Кто-то искал ту карту. Другого объяснения Пиарт не видел. Он не рассказал об этом случае никому, даже белобрысому прорицателю, однако именно в тот день твёрдо решился ехать.
Подозревать можно было только Вораго и Ректора. Пиарт злобно покосился в ту сторону трапезной, где обычно рассаживались математики. Вораго мог подставить его – конечно, мог, но не проще ли было тогда просто-напросто подбросить ему эту карту, а не вручать с таинственным видом лично в руки, предупреждая об опасности? Размышляя над этим, Пиарт чуть не сломал себе голову и в конце концов плюнул. В интригах он разбирался не лучше, чем в магии.
Так или иначе, кто-то в Академии упорно не хочет, чтобы тайна убийства Карлиоса раскрылась. И неизвестно, что ему важнее – само преступление или то, что связывает пресловутую карту с крестиками, «четвёртый компонент» и переходы между мирами. Значит, что-то их всё-таки связывает. Что – вот это им и предстоит выяснить.
И Пиарту уже даже неважно было, что он вполне может потерять место в Академии после этого странного побега с колдуном-чужеземцем вслед неизвестно за чем. Куда важнее установить истину: Пиарт впервые в жизни ощутил, что в Академии её оскорбляют, и это больно задело его.
Одно предположение у него уже было, хотя и довольно бредовое. Пиарт планировал поделиться им с Меидиром, как только они покинут Академию. Сегодня ночью.
Тот, кто пройдёт через огонь, должен умереть, а потом возродиться. Только после этого он обретёт ключ, чтобы открыть дверь.
Эти простые слова нашлись в записях Карлиоса, обведённые его рукой. Кажется, они тоже были выписаны из какой-то старой книги, и именно с ними связывалось упоминание о загадочных четырёх компонентах. Они вычленялись легко: условно говоря, огонь, смерть, возрождение и ключ. Если понимать «дверь» как проход в другой мир и крестики на карте как эти четыре ступени, то всё сходится. Если же нет...
– Профессор Пиарт, Вам просили передать...
На стол перед ним лёг пакет из плотной бумаги. Пиарт поднял глаза; ему поклонился веснушчатый, прыщавый мальчишка лет тринадцати. Кажется, он у него не вёл.
– Что это такое?
– Из Меертона. Трактир госпожи Эльды. Она сказала – Ваши любимые пирожные.
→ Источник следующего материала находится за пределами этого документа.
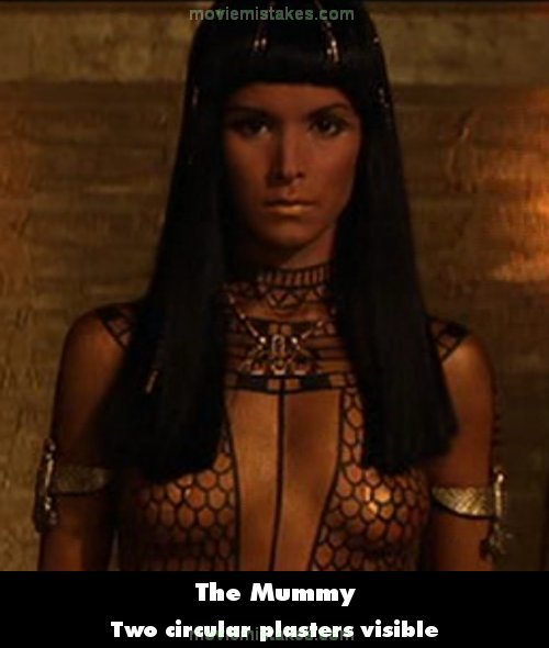 Revealing mistake: At the very start, as Anck Su Namun walks towards the camera, you can see two circular plasters underneath her body paint, preventing her from becoming too exposed. (00:01:20)

– Что ещё за... Ах, Эльда! – Пиарт хлопнул себя по лбу. – Молодец, спасибо.
Мальчишка убежал, а Пиарт занялся свёртком. Стряпня старушки Эльды – это сейчас кстати. Он и не думал, что она его помнит. И с чего вдруг такая доброта? Хотя... Пиарт усмехнулся. Вроде бы он когда-то ей нравился. В те времена они нередко сиживали в её славном заведении вместе с... Он помрачнел. С Вораго, конечно. С кем же ещё.
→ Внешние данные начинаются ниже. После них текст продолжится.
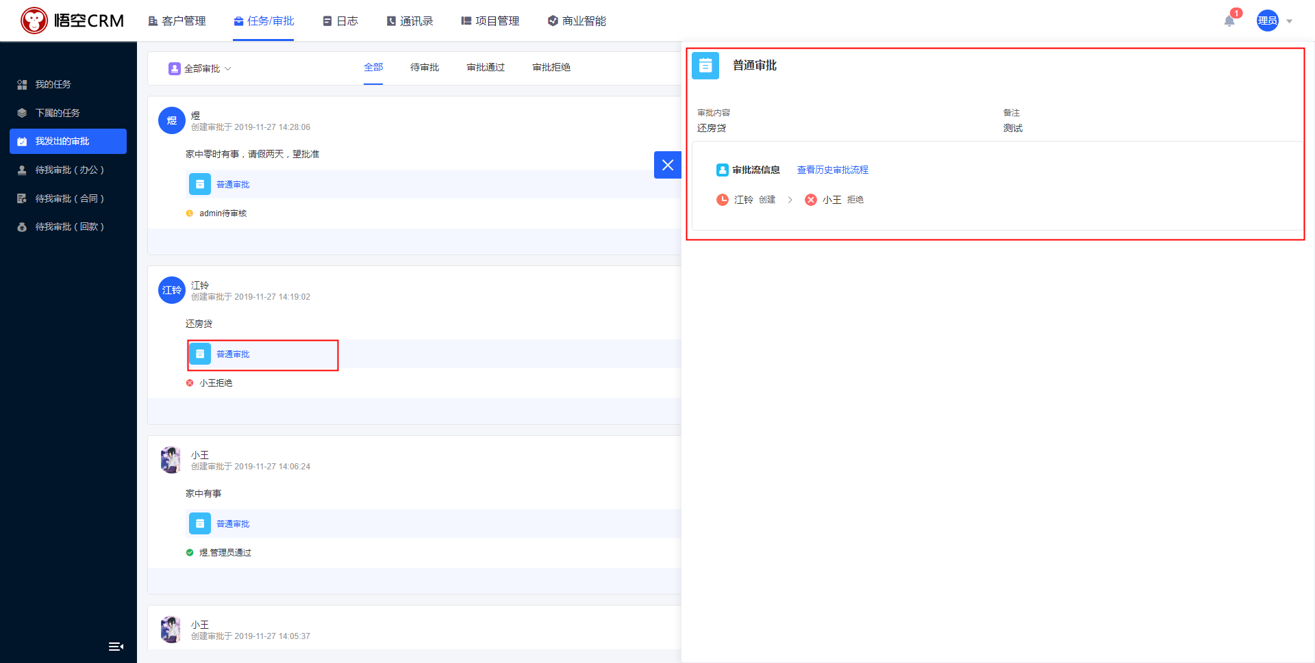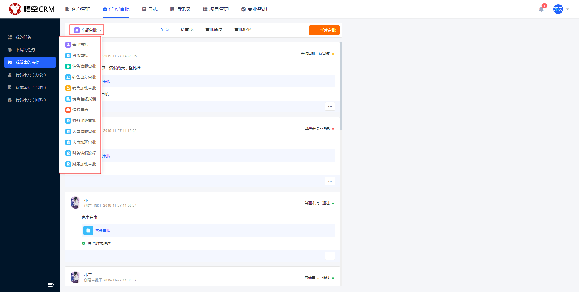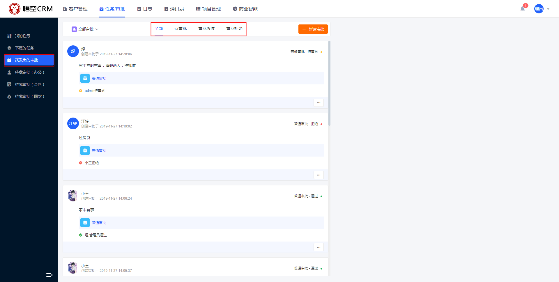 在CRM「任务/审批」功能模块中,点击我发出的审批,查看与用户有关联的全部、待审批、审批通过、审批拒绝的办公审批。

Из надорванного пакета в нос ударил запах печева и яблочного крема. Тут из-под стола послышался звук, похожий на скулёж. Пиарт приподнял скатерть и увидел, что у его ног устроился дряхлый пёс, носивший с десяток имён и живущий объедками с кухни Академии. Иногда он забредал сюда, и встречали его ласково, хотя Ректор был недоволен.
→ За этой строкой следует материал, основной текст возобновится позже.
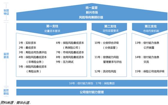 (4)“偿二代”监管框架下设立了三大支柱。与欧盟“Solvency Ⅱ”大体相似,“偿二代”监管框架下也设立了“三大支柱”,第一支柱是定量资本要求,第二支柱是定性监管要求,第三支柱是市场约束机制。定量资本要求注重保险公司偿付能力充足率,即实际资本与最低资本的比例,定性监管要求注重对难以量化风险的评估,市场约束机制强调保险公司偿付能力信息的充分披露。

– Ладно, старина, – вздохнул Пиарт, встретившись взглядом с невыразимо печальными, слезящимися собачьими глазами. – Сегодня с тобой можно и поделиться.
Он отломил кусок от одного из пирожных и бросил псу под стол. Тот принялся за еду, и Пиарт собрался последовать его примеру, когда заметил приближающегося Меидира. Колдунишка направлялся прямо к нему и был явно чем-то встревожен. Видимо, все сегодня сговорились не дать ему спокойно пообедать.
– Я был на конюшне, – негромко бросил Меидир, остановившись будто бы для обычного приветствия. – Всё улажено. Встречаемся там в час пополуночи.
– Отлично, – сказал Пиарт. Его покоробили эти вечные начальственные интонации, но он уже знал, что спорить с ним бесполезно.
– Я только что встретил этого математика, – продолжил колдун, убедившись, что слишком уж поблизости никого нет, – ну, Вы поняли...
– Нет, – разыграл удивление Пиарт. Что-то подсказывало ему, о ком говорит Меидир, но он как мог равнодушно добавил: – У нас немало математиков, знаете ли.
– Хорошо, тогда тот, с которым Вы не разговариваете, – с лёгким раздражением пояснил прорицатель. – Так вот, он поймал меня за локоть и шепнул: «Если вы хотите ехать, делайте это скорее. Пусть Пиарт будет осторожен». Возможно, это не дословно, но смысл такой.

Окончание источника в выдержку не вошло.